On a broader scale, the long and linear 500-square-metre home, built for a couple with two children in a single-family-home enclave of Puerto de Sagunto, near Valencia, appears different from its various angles. It takes on the peaked roof of a traditional abode at its east-side entrance — where expanses of sliding glass open it up to the outdoor pool — while its opposite end exudes po-mo-by-way-of-Spain. Since the clients wanted to live on one floor, the architects planned all the spaces, both private and communal, on the main level, with programs like the living room and kitchen gathered toward the east and the three bedrooms spread out toward the west.
Later on, they decided to add an upstairs guest floor with two bedrooms and a study, and then a basement for activities: a cinema, a small heated swimming pool and an area for games or parties. The interior details balance an eclectic style with a refined sensibility. The terrazzo flooring is embedded with small stones that match the rusty red of the exterior. The home’s furniture, both specified and bespoke, also picks up this accent, from the dining room’s Marset lights to the kitchen’s 1970s-esque curvy island, which is crafted from a deep-toned cherrywood that brings out the light maple cabinets. Rather than levers (the firm eschewed hardware wherever possible, except for the statement doorknob at the main entrance), a repeating circular handle is cut into much of the millwork, one that echoes the home’s motif of shape and void.
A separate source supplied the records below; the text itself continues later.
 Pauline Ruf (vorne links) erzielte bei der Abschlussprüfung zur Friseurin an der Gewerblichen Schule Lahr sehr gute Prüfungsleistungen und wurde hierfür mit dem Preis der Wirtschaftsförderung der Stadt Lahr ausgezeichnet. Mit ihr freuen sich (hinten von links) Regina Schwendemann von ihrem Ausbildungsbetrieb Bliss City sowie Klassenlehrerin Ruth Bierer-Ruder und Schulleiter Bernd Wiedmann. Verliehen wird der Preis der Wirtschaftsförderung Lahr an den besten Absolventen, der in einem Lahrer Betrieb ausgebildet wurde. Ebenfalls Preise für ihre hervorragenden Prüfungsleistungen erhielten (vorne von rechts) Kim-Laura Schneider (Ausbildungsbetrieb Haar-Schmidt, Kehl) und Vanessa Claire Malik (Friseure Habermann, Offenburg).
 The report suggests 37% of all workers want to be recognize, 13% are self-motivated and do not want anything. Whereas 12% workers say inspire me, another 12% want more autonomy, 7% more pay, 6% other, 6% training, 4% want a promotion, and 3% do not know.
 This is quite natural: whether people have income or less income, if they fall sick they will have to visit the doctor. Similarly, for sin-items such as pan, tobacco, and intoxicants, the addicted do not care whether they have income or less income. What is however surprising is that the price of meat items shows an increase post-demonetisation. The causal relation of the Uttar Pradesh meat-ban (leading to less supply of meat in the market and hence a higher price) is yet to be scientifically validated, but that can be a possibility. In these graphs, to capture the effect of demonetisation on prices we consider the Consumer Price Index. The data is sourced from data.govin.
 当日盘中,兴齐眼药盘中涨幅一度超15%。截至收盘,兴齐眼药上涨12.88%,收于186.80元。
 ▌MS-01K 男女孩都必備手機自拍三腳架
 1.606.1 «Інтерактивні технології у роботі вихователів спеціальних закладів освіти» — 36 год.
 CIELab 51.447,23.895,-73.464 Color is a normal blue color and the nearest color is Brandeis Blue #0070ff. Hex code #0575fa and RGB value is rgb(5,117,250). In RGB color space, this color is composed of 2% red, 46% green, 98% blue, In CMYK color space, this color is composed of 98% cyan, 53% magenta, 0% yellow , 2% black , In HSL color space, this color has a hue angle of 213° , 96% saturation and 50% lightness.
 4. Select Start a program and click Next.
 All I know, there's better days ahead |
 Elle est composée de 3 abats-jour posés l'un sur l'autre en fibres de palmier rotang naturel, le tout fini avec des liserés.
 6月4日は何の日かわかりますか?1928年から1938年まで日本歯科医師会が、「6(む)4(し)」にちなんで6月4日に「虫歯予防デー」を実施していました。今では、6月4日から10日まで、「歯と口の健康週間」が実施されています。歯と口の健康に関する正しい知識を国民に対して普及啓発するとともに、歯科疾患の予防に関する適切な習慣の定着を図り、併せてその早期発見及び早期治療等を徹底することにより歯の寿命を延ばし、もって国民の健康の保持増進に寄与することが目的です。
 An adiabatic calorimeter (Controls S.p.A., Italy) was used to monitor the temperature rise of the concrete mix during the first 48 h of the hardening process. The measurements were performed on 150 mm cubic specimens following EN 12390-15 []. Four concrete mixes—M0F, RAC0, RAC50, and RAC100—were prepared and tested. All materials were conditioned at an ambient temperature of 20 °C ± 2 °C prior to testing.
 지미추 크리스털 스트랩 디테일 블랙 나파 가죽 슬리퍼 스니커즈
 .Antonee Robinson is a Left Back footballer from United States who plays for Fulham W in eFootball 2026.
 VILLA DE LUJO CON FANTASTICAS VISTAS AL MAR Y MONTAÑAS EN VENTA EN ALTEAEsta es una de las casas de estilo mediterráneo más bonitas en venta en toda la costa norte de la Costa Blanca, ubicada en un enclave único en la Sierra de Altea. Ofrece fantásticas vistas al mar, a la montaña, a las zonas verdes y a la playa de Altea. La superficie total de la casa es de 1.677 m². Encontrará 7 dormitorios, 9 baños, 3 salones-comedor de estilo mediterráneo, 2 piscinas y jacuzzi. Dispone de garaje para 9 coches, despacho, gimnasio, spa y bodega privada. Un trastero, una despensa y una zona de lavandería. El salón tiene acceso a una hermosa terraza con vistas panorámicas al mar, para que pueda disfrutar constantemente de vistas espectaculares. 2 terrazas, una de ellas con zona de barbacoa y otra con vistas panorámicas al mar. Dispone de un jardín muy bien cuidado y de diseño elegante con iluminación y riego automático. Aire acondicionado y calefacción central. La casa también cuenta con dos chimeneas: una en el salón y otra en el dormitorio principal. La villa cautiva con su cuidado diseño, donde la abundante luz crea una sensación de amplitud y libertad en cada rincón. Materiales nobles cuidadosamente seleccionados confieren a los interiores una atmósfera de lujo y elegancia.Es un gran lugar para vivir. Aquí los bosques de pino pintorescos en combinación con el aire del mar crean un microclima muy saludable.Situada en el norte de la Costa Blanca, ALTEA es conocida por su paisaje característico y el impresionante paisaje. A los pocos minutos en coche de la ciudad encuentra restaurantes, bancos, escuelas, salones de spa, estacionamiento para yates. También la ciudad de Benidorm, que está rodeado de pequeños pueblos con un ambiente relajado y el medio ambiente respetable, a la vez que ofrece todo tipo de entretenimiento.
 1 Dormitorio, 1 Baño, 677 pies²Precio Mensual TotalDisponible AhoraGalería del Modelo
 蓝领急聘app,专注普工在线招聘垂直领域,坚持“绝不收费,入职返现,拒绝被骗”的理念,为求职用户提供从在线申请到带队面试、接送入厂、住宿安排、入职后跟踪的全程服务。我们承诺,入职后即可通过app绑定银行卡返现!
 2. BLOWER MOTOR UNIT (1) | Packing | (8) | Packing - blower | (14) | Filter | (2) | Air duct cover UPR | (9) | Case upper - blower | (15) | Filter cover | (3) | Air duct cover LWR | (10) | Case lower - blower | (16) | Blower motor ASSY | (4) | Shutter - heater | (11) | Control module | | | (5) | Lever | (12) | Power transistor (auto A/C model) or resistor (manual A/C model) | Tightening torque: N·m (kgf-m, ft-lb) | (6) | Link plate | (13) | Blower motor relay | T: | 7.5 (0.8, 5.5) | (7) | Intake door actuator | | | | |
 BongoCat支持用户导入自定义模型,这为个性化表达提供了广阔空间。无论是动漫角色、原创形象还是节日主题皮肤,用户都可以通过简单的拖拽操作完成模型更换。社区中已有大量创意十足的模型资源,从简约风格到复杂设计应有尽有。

Expressive gestures inside and out connect enclosed volumes and wide-open spaces. One of the major features is a courtyard staircase, which leads from the main level to the basement pool and is wrapped in a metal-mesh cylinder. The decision was born of pragmatism — the clients were afraid the stair would otherwise be unsafe for their kids — but the result is sculptural.
The lines between interior and exterior are further blurred by the numerous entry points, many of them automatic sliding doors with tinted glass that’s reflective on the outside for privacy. “We have a special way of understanding the program by the transitions in the entrances,” explains Juan. This desire to bring the outdoors in also applies to the opaque back facade: It all but blocks out views of the surrounding buildings, which constituted an eyesore, but still lets in light via a narrow skylight.
A small studio led by three partners — Juan founded it with Clara Cantó and José Iborra — Horma is named after the Spanish word for shoe last. “It’s the thing that gives shape but then disappears,” Juan explains. Across their portfolio, common characteristics emerge, including clean lines, a playful use of geometry, warm materials like bricks and tiles, and a touch of the modern Mediterranean movement — they love the work of Spanish architects of the 1960s, like José Antonio Coderch de Sentmenat, Josep Lluís Sert and Antoni Bonet i Castellana.
While they align themselves with these stars, their beginnings were humble: Opened in 2012, the studio could at first only nail small-budget home renovations. But it was through these projects that they dreamed big. “It allowed us to dedicate a lot of time to very small things, which we studied in great detail,” says Juan. “This generated a way of proceeding that we never abandoned — and that has become what distinguishes us. We dedicate to each project the same attention and affection that we had at the beginning, even if we have changed the scale.”
Spain’s Horma Estudio crafts an expressive home that contrasts shapes, textures and tones at every angle.